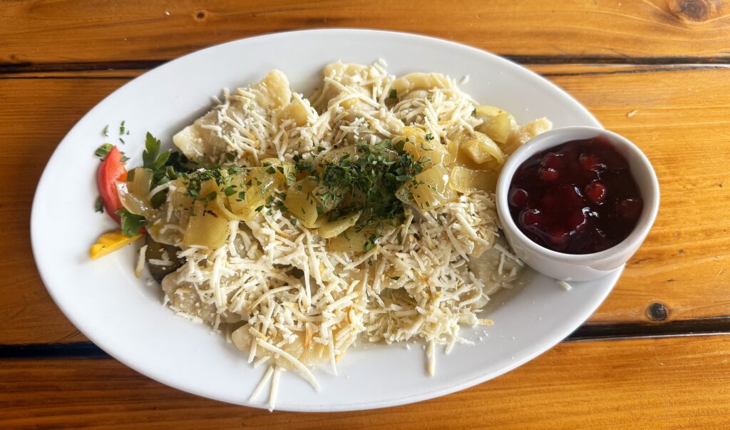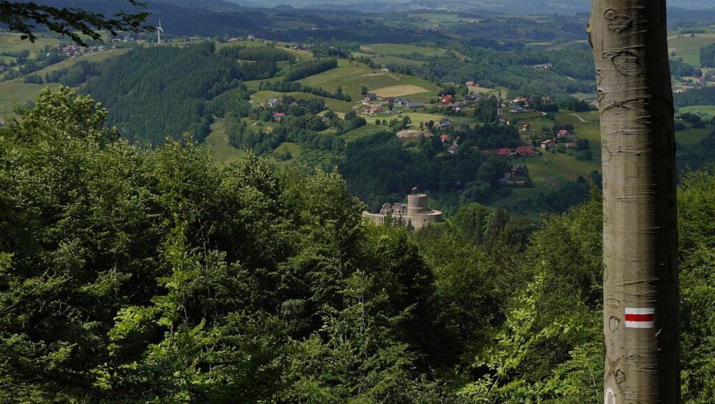 Przy zamku w Rytrze opuszczam rzekę i wspinam się Głównym Szlakiem Beskidzkim (czerwonym) do Kretówek – pięknego punktu widokowego. Dalej szlak się wypłaszcza, więc dalszy marsz jest już spokojniejszy. W schronisku Cyrla dostaję pierogi nadziewane jagnięciną, posypane oscypkiem i żurawiną. Czysta poezja smaku!
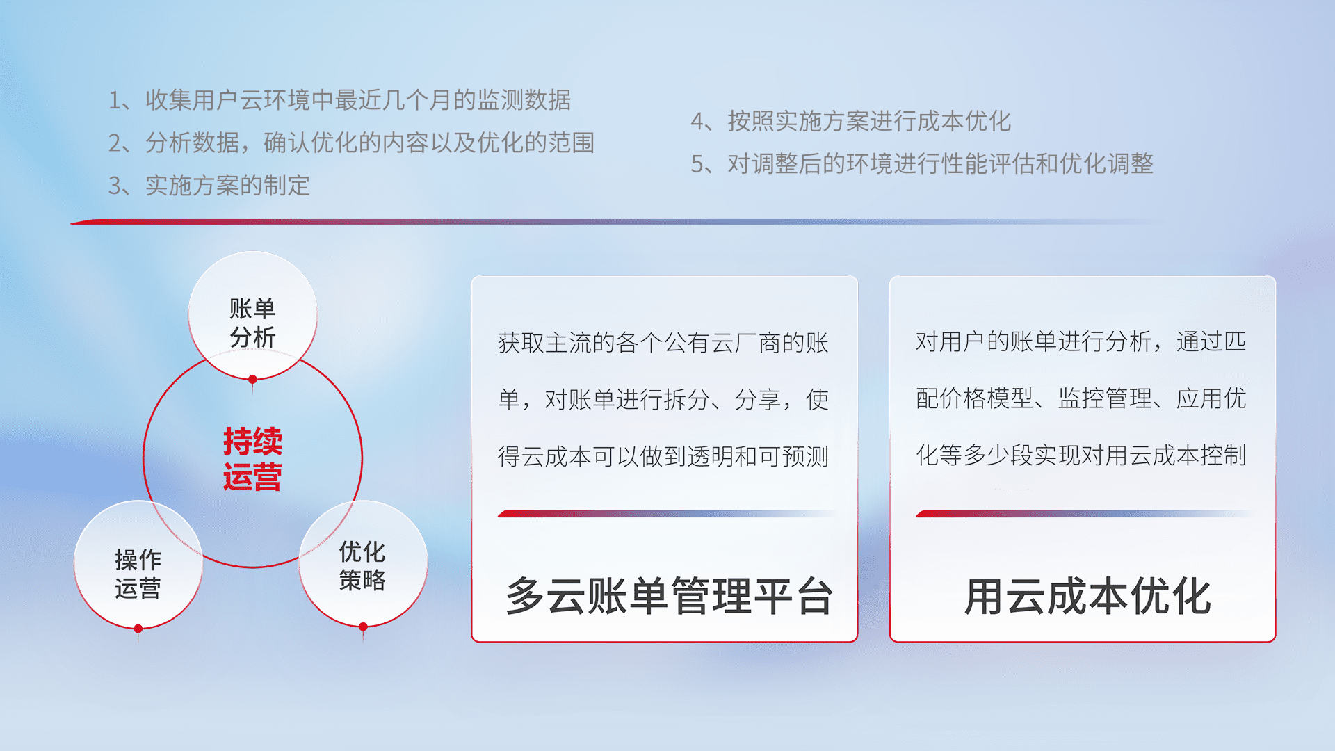 通过多云纳管,,以统一的资源数据模型把客户的云资源进行抽象和封装,,进而实现对多云资源的统一操作,,,,保障云资源管理的可靠性、、、、稳定性与可用性。。量身定制化运维内容,,配置、、、开发运维、、、、补丁管理、、、、备份、、监控、、、、认证和访问管理、、、审计和日常巡检等,,,保障在用云过程中的可靠度,,,稳定度以及高可用率。。。。
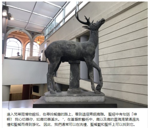 進入梵蒂岡博物館后,在尋找餐廳的路上,看到這個青銅鹿雕。 聖經中有句話「神啊! 我心切慕你,如鹿切慕溪水。 ",在基督教藝術中,鹿以及鹿的靈魂渴望通過洗禮和聖餐而得到淨化。 因此,我們通常可以在洗禮,聖餐籃和聖杯上可以找到它。
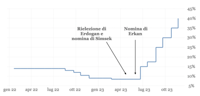 Questo rende l’idea dell’urgenza di combattere l’inflazione in Turchia. E per farlo la banca centrale ha deciso una serie di consistenti e rapidi aumenti dei tassi di interesse di riferimento: in sei mesi li ha fatti salire da meno del 10 per cento fino al 40 per cento.
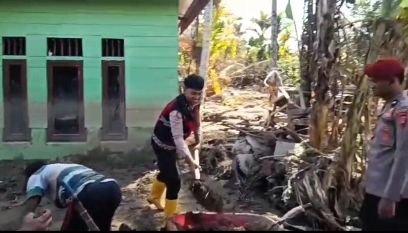 Banjir bandang yang melanda wilayah tersebut meninggalkan endapan lumpur dan serpihan material di sejumlah titik. Personel Polri bersama masyarakat bergotong royong membersihkan bagian dalam rumah, halaman, hingga akses jalan desa yang tertutup material banjir.
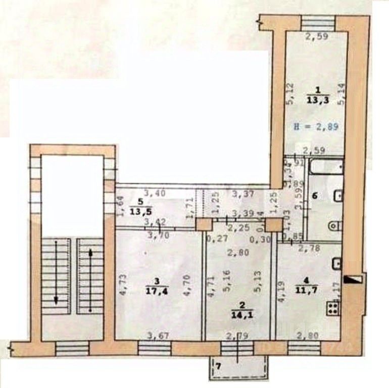 * Три полноценные раздельные комнаты: 17.4 квм, 14.1, квм (с балконом), 13.3 кв.м, просторная кухня - 12 кв.м, санузел совмещен.
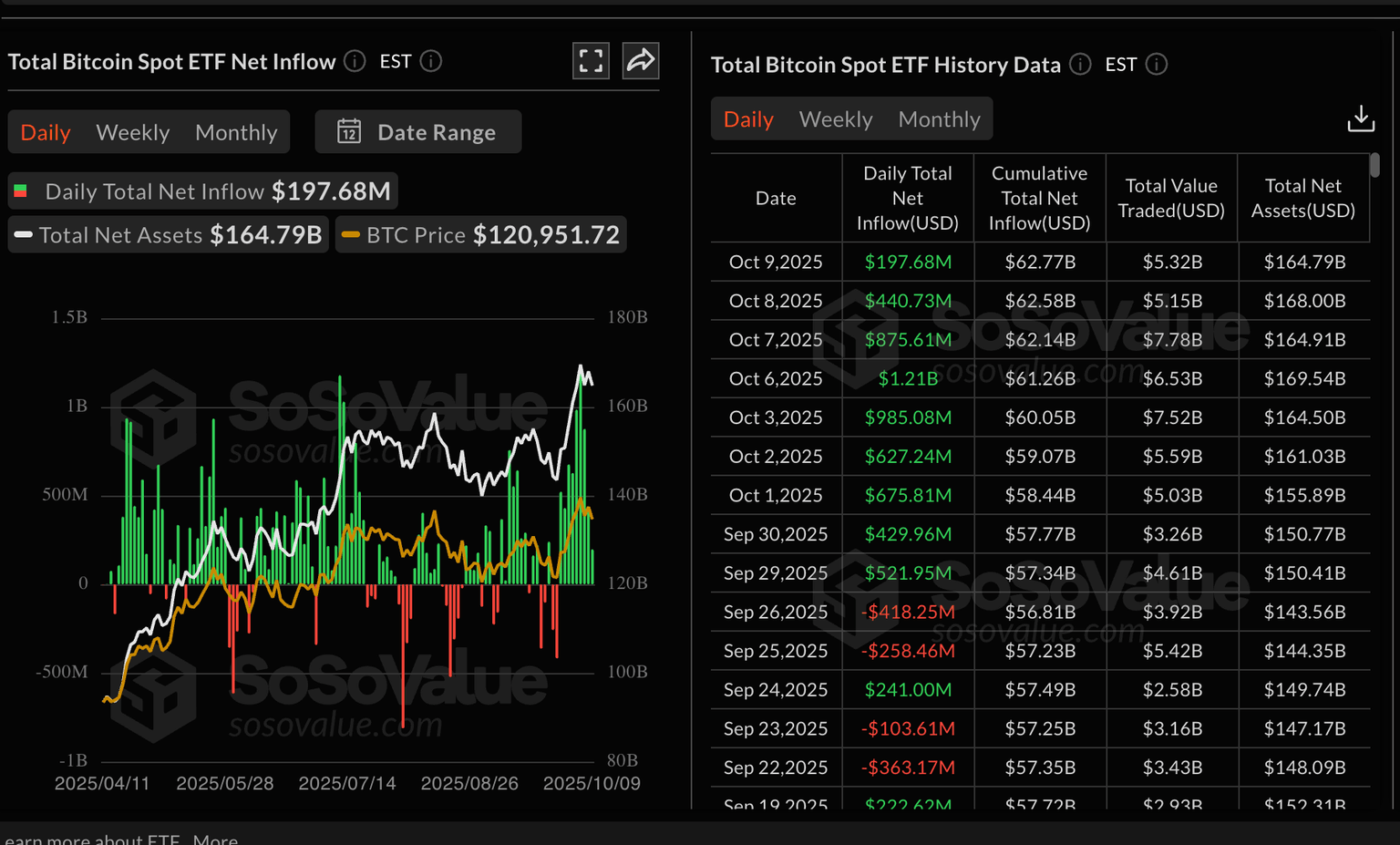 Bitcoin spot ETFs listed in the United States (US) marked nine consecutive days of inflows on Thursday, with $198 million, reflecting steady demand from institutional investors.

——

All of the data above needs to be given again exactly. Leave out each image.

● EXERCISE ANSWER:
 Przy zamku w Rytrze opuszczam rzekę i wspinam się Głównym Szlakiem Beskidzkim (czerwonym) do Kretówek – pięknego punktu widokowego. Dalej szlak się wypłaszcza, więc dalszy marsz jest już spokojniejszy. W schronisku Cyrla dostaję pierogi nadziewane jagnięciną, posypane oscypkiem i żurawiną. Czysta poezja smaku!
 通过多云纳管,,以统一的资源数据模型把客户的云资源进行抽象和封装,,进而实现对多云资源的统一操作,,,,保障云资源管理的可靠性、、、、稳定性与可用性。。量身定制化运维内容,,配置、、、开发运维、、、、补丁管理、、、、备份、、监控、、、、认证和访问管理、、、审计和日常巡检等,,,保障在用云过程中的可靠度,,,稳定度以及高可用率。。。。
 進入梵蒂岡博物館后,在尋找餐廳的路上,看到這個青銅鹿雕。 聖經中有句話「神啊! 我心切慕你,如鹿切慕溪水。 ",在基督教藝術中,鹿以及鹿的靈魂渴望通過洗禮和聖餐而得到淨化。 因此,我們通常可以在洗禮,聖餐籃和聖杯上可以找到它。
 Questo rende l’idea dell’urgenza di combattere l’inflazione in Turchia. E per farlo la banca centrale ha deciso una serie di consistenti e rapidi aumenti dei tassi di interesse di riferimento: in sei mesi li ha fatti salire da meno del 10 per cento fino al 40 per cento.
 Banjir bandang yang melanda wilayah tersebut meninggalkan endapan lumpur dan serpihan material di sejumlah titik. Personel Polri bersama masyarakat bergotong royong membersihkan bagian dalam rumah, halaman, hingga akses jalan desa yang tertutup material banjir.
 * Три полноценные раздельные комнаты: 17.4 квм, 14.1, квм (с балконом), 13.3 кв.м, просторная кухня - 12 кв.м, санузел совмещен.
 Bitcoin spot ETFs listed in the United States (US) marked nine consecutive days of inflows on Thursday, with $198 million, reflecting steady demand from institutional investors.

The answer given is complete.